In this research, we have combined PacBio long-read sequencing, Illumina short-read sequencing and Hi-C technology to generate a high-quality chromosome-level genome of the yellow-cheek carp (Fig. 1). Accordingly, we expect rapid progress in the genetics research of yellow-cheeked carp, and functional genes related to key economic traits of yellow-cheeked carp will continue to be discovered. The elucidation of the genome structures and functions will promote more in-depth research to better understand the genetic basis for the formation of important traits such as the carnivorous in yellow-cheeked carp, thereby making contributions to its resource protection, genetic selection and artificial breeding.

Fig. 1.

Fig. 1

Characterization of assembled yellow-cheek carp genome. Circos plot of the yellow-cheek carp genome, with visualization of gene density (1), TRP (2), LTR (3), SINE (4), LINE (5) and GC content (6) in order from outside to inside.

Methods

Sample collection and sequencing

An adult male yellow-cheek carp was collected from the Yangtze River in Wuhan, Hubei, China. High-quality genomic DNA was extracted from muscle by the CTAB method for Illumina sequencing, PacBio SMRT sequencing11 and Hi-C. The quality of the extracted DNA was assessed using agarose gel electrophoresis and NanoDrop Spectrophotometer (Thermo Fisher Scientific, USA), and quantified by a Qubit Fluorometer (Invitrogen, USA).
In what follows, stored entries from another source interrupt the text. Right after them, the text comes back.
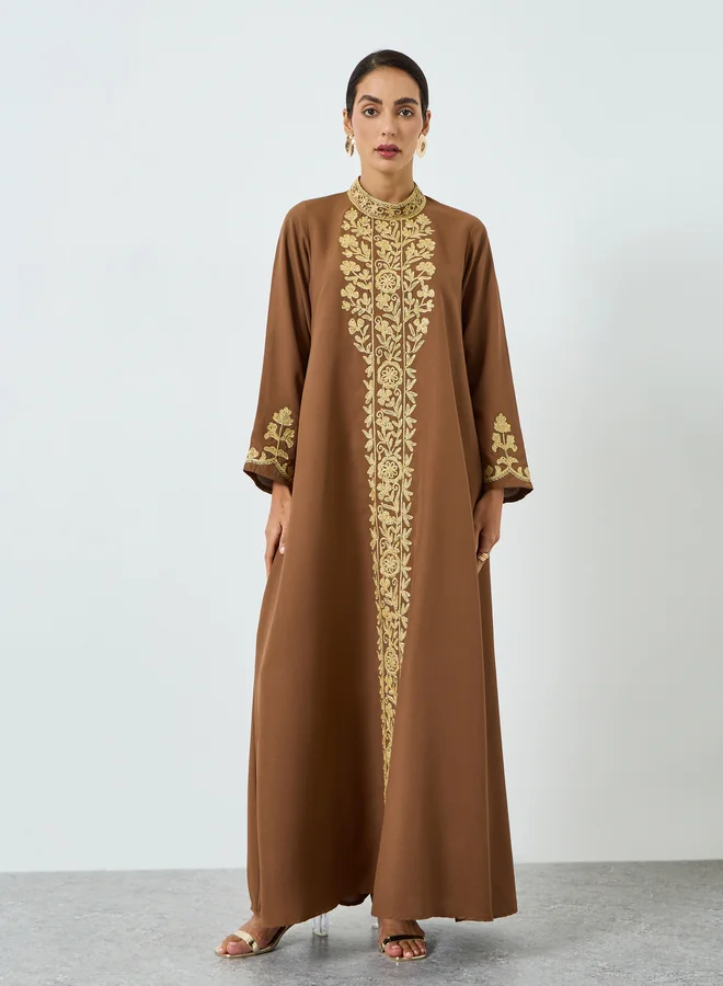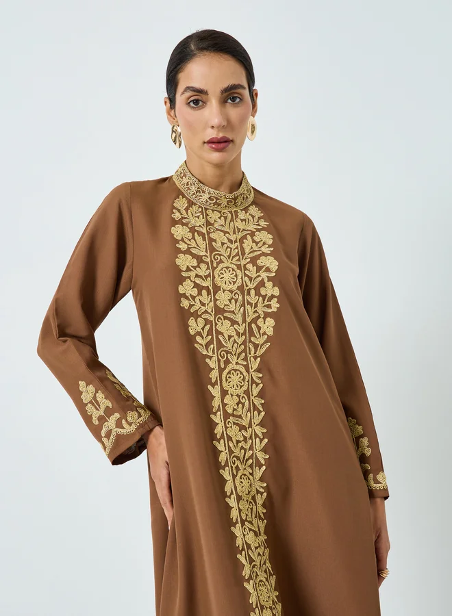Elegant brown A-line jalabiya crafted from woven polyester fabric featuring a sophisticated high neckline. Adorned with intricate gold floral embroidery along the front panel and cuffs, this maxi-length dress offers a timeless modest look. Perfect for festive occasions and formal gatherings where refined style is key.
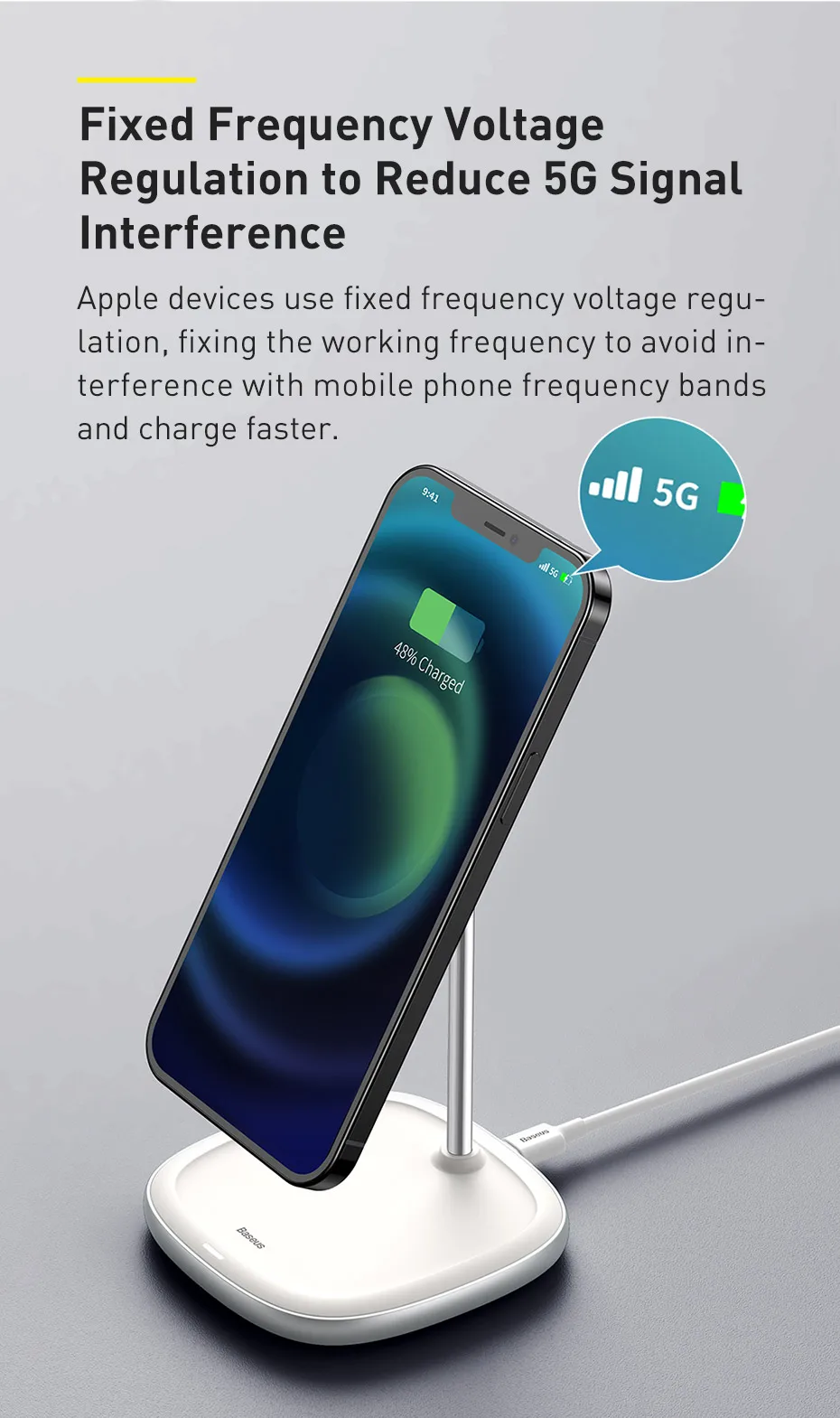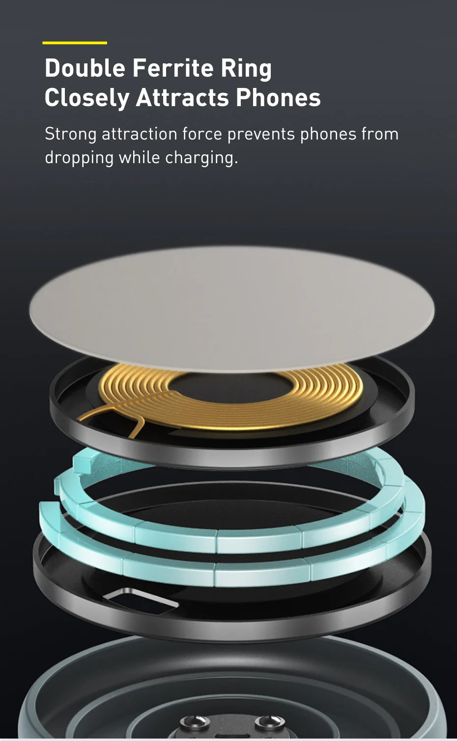 Предназначен для магнитной беспроводной зарядки на серии Apple 12. Двойное магнитное кольцо помогает уменьшить поток утечки и обеспечивает автоматическое и точное выравнивание между телефоном и этим беспроводным зарядным устройством.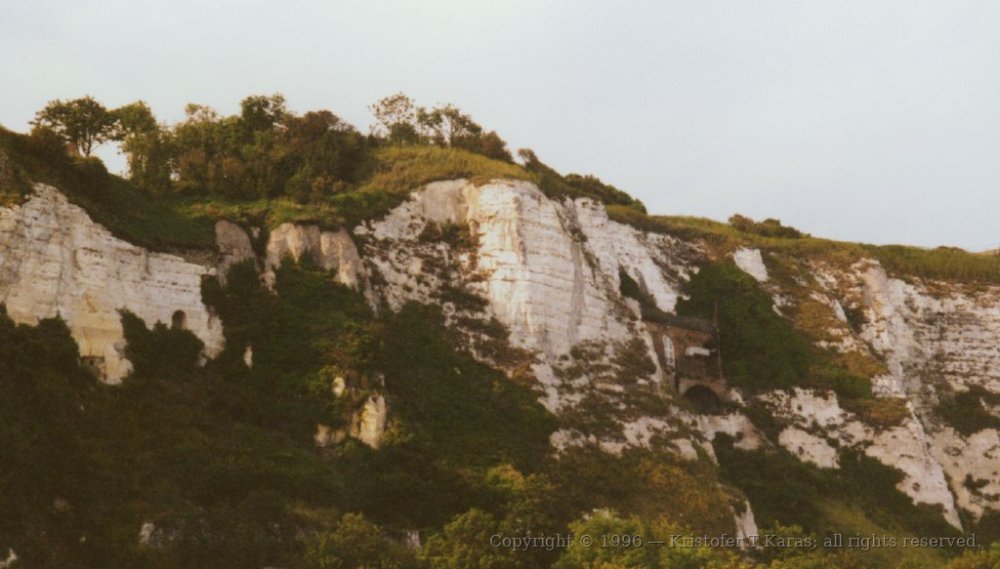 And here we have one of the famous "white cliffs" of Dover. The cliffs aren't terribly white; and they are littered with military bunkers and such. Perhaps if I had been able to walk farther away from the center of Dover, natural beauty might have been in greater abundance.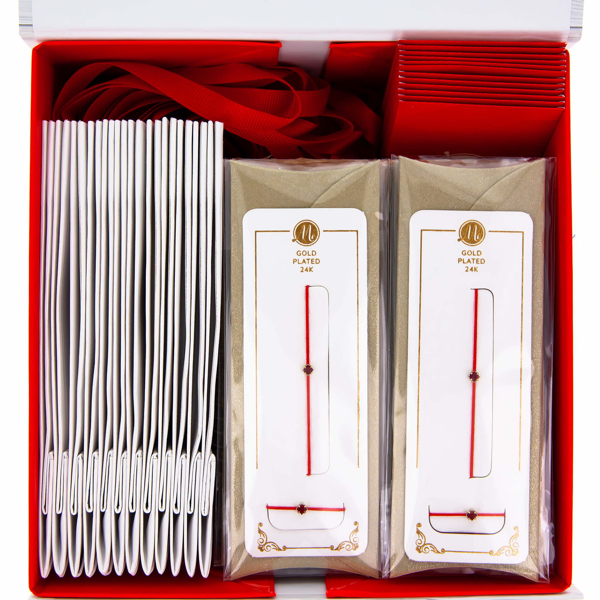 Celebrează tradiția și frumusețea primăverii cu pachetul nostru exclusiv de mărțișoare! Acesta oferă 12 seturi gold plated, formate din brățară și inel cu fir elastic roșu și pietricele zirconiu roșu, 12 pungi cadou și 12 plicuri cu felicitare pentru mesaj. Mărțișoarele sunt ambalate individual, însoțite de suport și plic, ideale pentru a fi oferite de 1 Martie.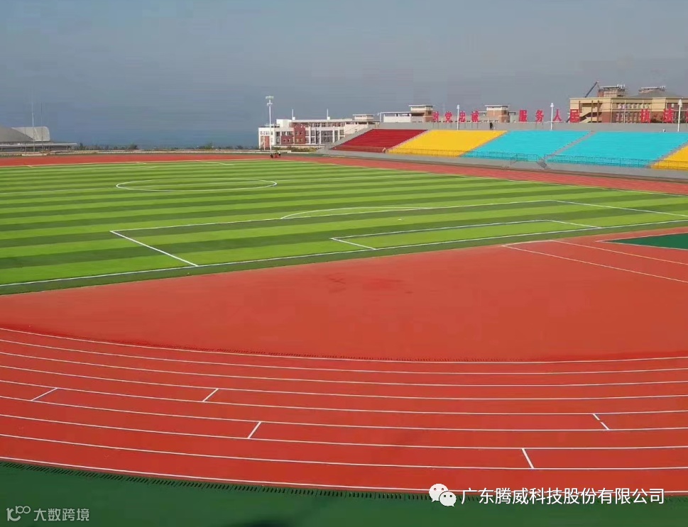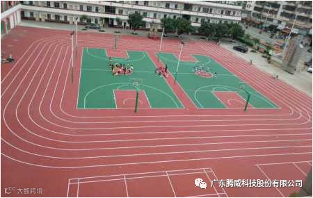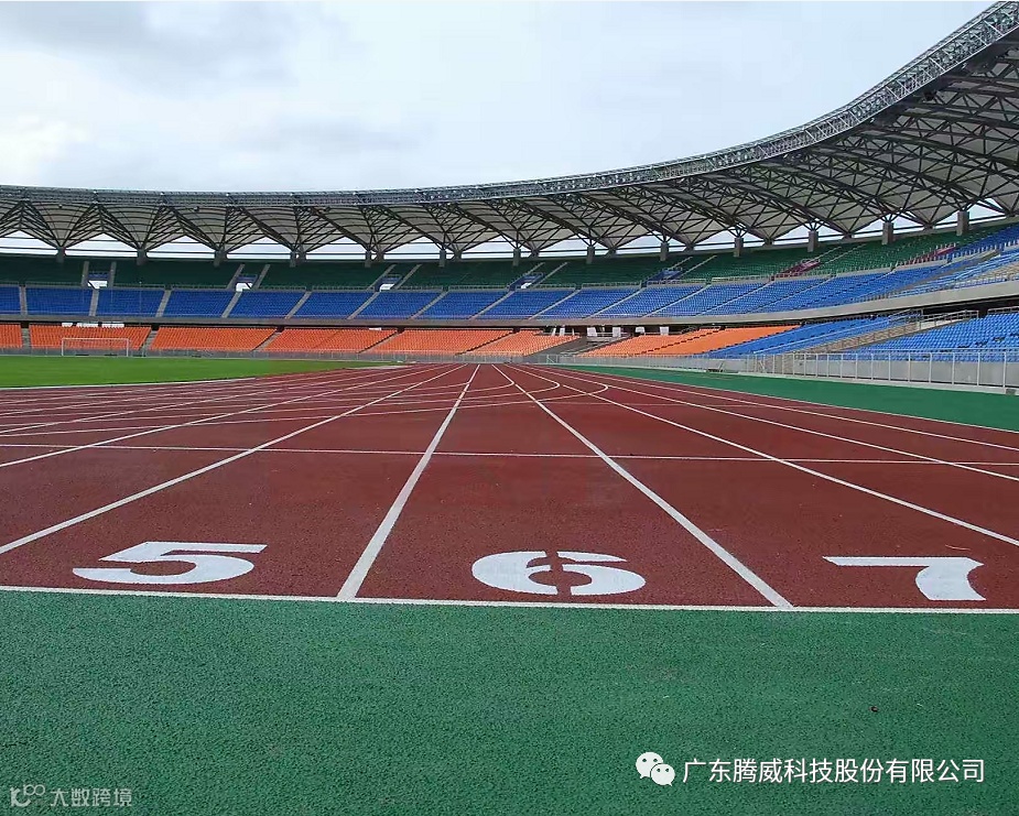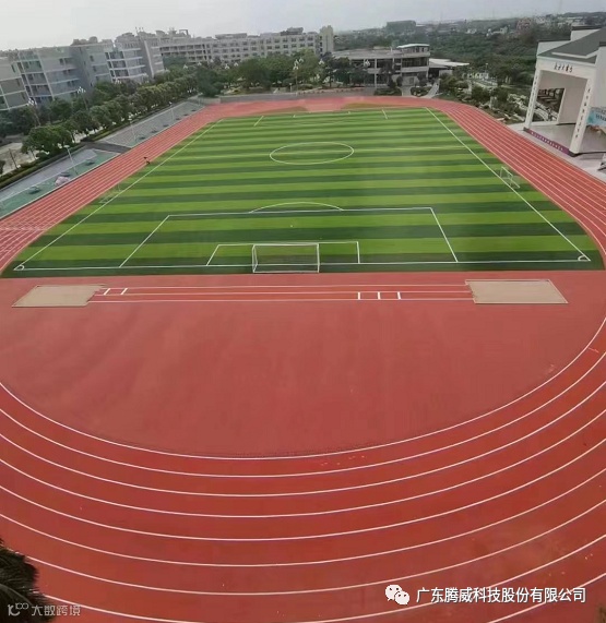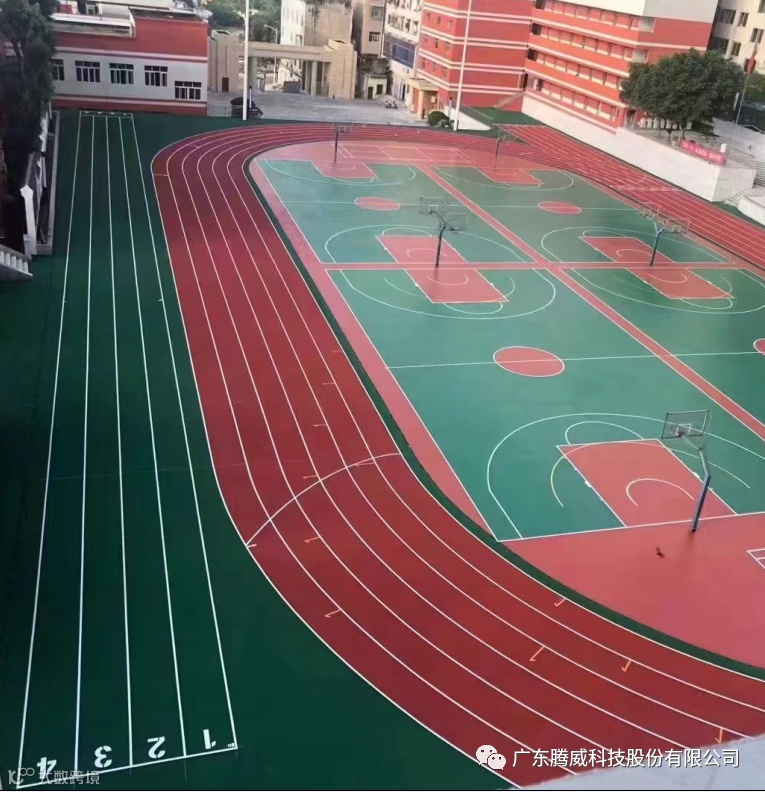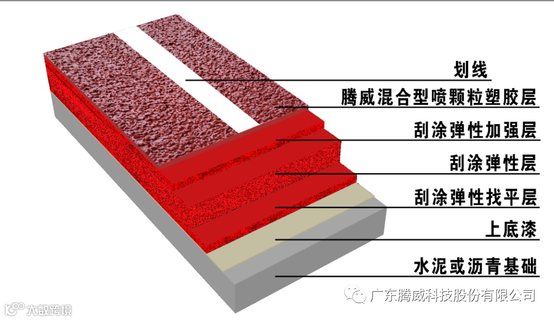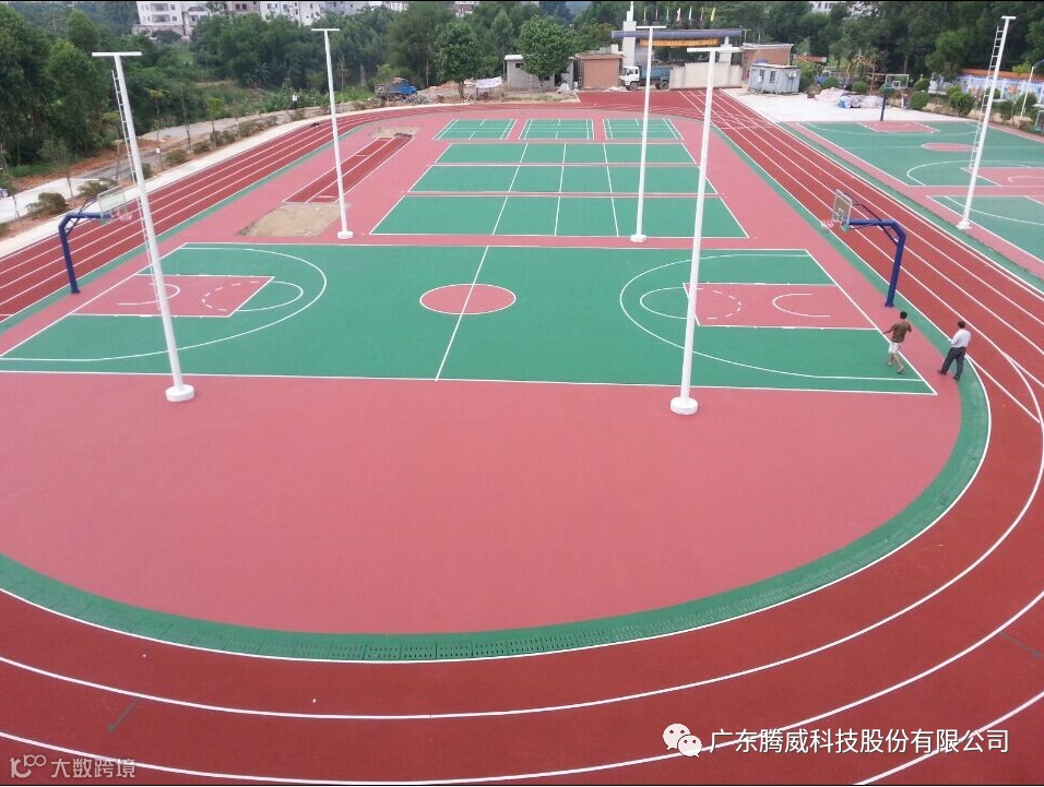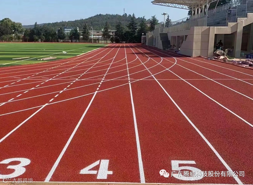 腾威混合型聚氨酯跑道采用无溶剂高渗透底漆、创新跑道弹性层、环保EPDM彩色颗粒和S-9跑道面层组成跑道面层,相对全塑型跑道性价比较高,既具备了全塑型跑道的耐候、耐用、防滑、强度和弹性优势,同时又拥有较低的成本和施工便利性。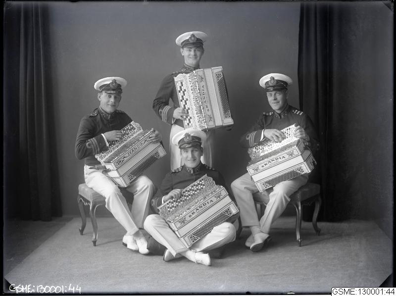 Svartvitt studiofotografi med dragspelskvartetten Bröderna Lindqvist.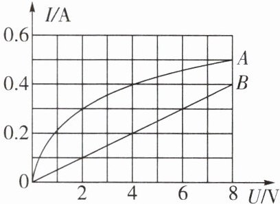4. 如图所示,$ A $、$ B $ 分别为额定电压为 $ 8 \, V $ 的小灯泡 $ L $ 和定值电阻 $ R $ 的电流随电压变化关系的图像。下列说法中不正确的是(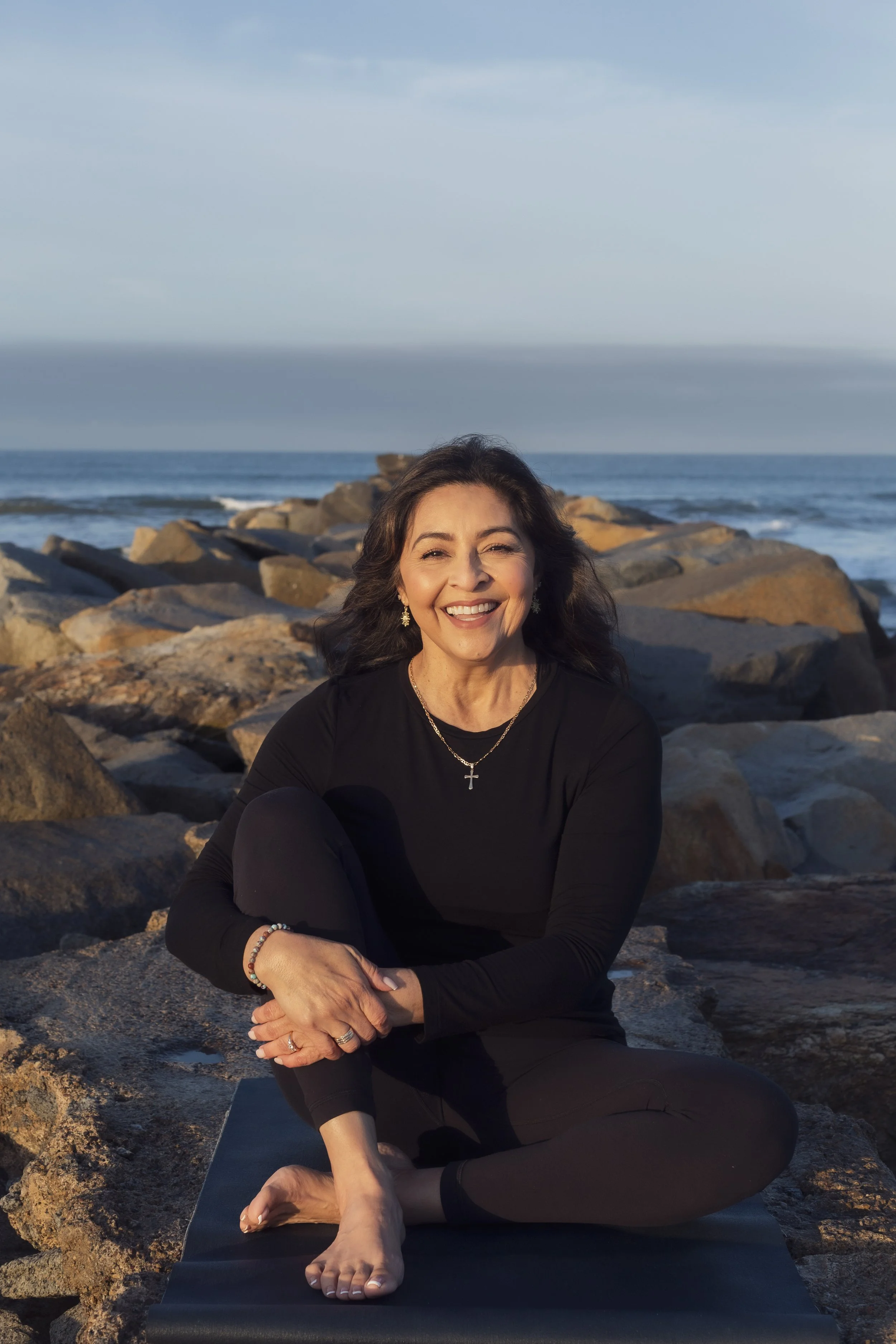 A woman practicing yoga on a mat on rocky shoreline, smiling, with ocean waves and a cloudy sky in the background.

For Illumina sequencing, the genomic DNA was randomly sheared to 300~500 bp fragments, and a paired-end genomic library was prepared following the manufacturer’s protocol. Then, the library was sequenced on an Illumina NovaSeq platform using a paired-end 150 bp layout to enable genome survey and base-level correction. For PacBio long-read sequencing, SMRTbell libraries were constructed using the genomic DNA and sequenced on the PacBio Sequel II sequencing platform. After, approximately 58.98 Gb of Illumina short-read data (coverage of 71.31×) and 27.35 Gb of PacBio continuous long reads (CLR) data (coverage of 32.65×) was obtained.

To generate a chromosomal-level assembly of the yellow-cheek carp genome, a Hi-C library was generated using the DNA extracted from the same yellow-cheek carp. After cell crosslinking, cell lysis, chromatin digestion, biotin labelling, proximal chromatin DNA ligation and DNA purification, the resulting Hi-C library was subjected to paired-end sequencing with 150 bp read lengths on an Illumina NovaSeq platform. Finally, the size of Hi-C data obtained was 151.98 Gb, covering 183.78× of the genome.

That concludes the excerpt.